8 years, 1 month ago

Who Drives an Enterprise Architecture Initiative? Part 2

Depending on the scenario, enterprise architecture projects can be led by different people and groups within an organization. In the first of our three-part series published last week, we discussed a customer case study where enterprise architects drove the need for implementing an EA solution, but this is just one example. 

With a powerful enterprise architecture system in place, a variety of groups can lead EA initiatives. For instance, one of our customers is a global financial services company who is one of the largest credit card issuers in the United States. To support its global operations, the organization has 10 different mainframes located throughout the world that are responsible for running the company’s complex business applications.

Recognizing the amount of money and time spent maintaining these mainframes, the IT department decided they needed to consolidate and move the mainframes to a more centralized, lower cost location where they could be better managed. The members of the IT team went through a demanding investigative process to analyze the potential to bring the mainframes back to the U.S. At that time, the mainframe systems were outsourced to another company to be hosted and maintained.  After almost four years, the IT team realized that it had not saved any money from this outsourcing initiative.

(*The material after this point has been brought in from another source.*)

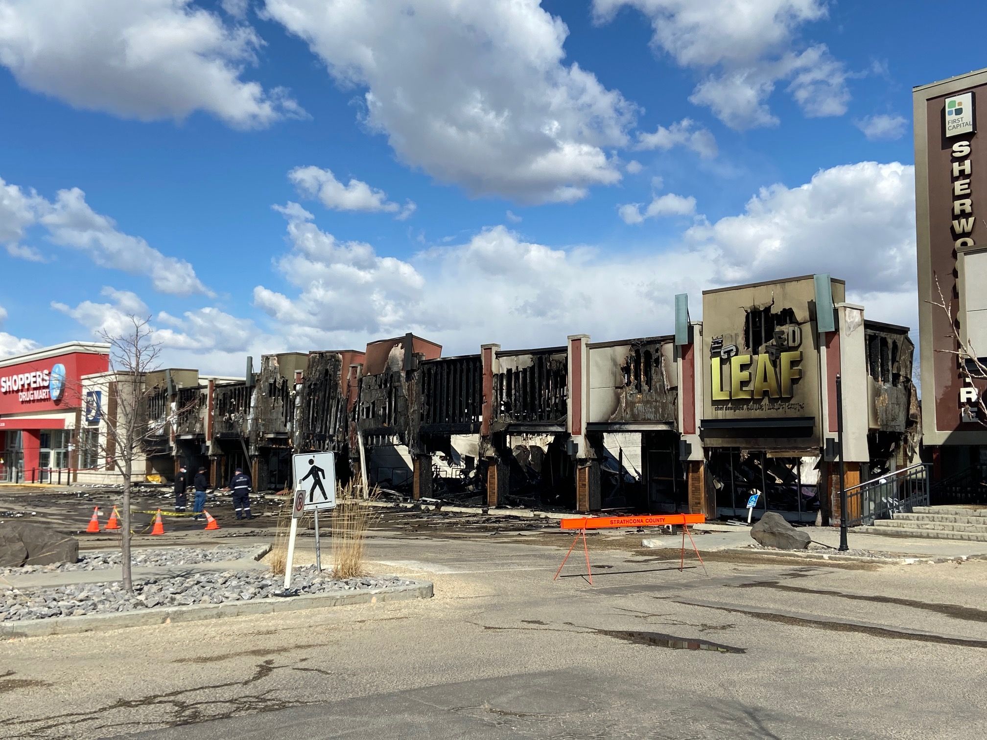 “Six of the seven buildings have been a complete loss. The seventh building is the Shoppers Drug Mart which has some water damage and some smoke inside but appears to be still doing alright,” Devin Capcara, deputy chief of operations with Strathcona county Emergency Service, said.

Realizing the enormous scale of this data and system architecture project and the potential cost savings that the company could achieve, the IT team needed a strong enterprise architecture solution that allowed them to model all of the assets and capabilities of each mainframe in order to better understand the divisions and functions they supported. Using Metastorm ProVision, the team was able to build a portfolio management solution to understand its entire mainframe environment, which includes the hardware, software, applications, communication, support, maintenance and costs.  

The first step was to map out the current environment of its mainframes. During this process, the IT team identified close to 500,000 objects in the repository. After the mapping phase the team built out a consolidated model and was able to reduce the number of mainframes from 10 to four. Additionally, the team was also able to consolidate the subsystems (regions) from 30 to less than 10, which considerably lowered redundant messaging. Working with the Metastorm consulting team, the organization has identified two separate data types within the consolidated mainframes, the customer and the supplier. They have also been able to understand and define specific objects. With the unique data linking supported by Metastorm, if an application is moved the team will know what databases, queue requests, transactions, subsystems, data, file transfers, batch jobs, and software that will be affected.

In this particular example, the IT team led the effort to embark on a full-scale enterprise architecture project. Based on the initial estimates, the company expects to see an estimated $40-100 million savings in the first fully operational year.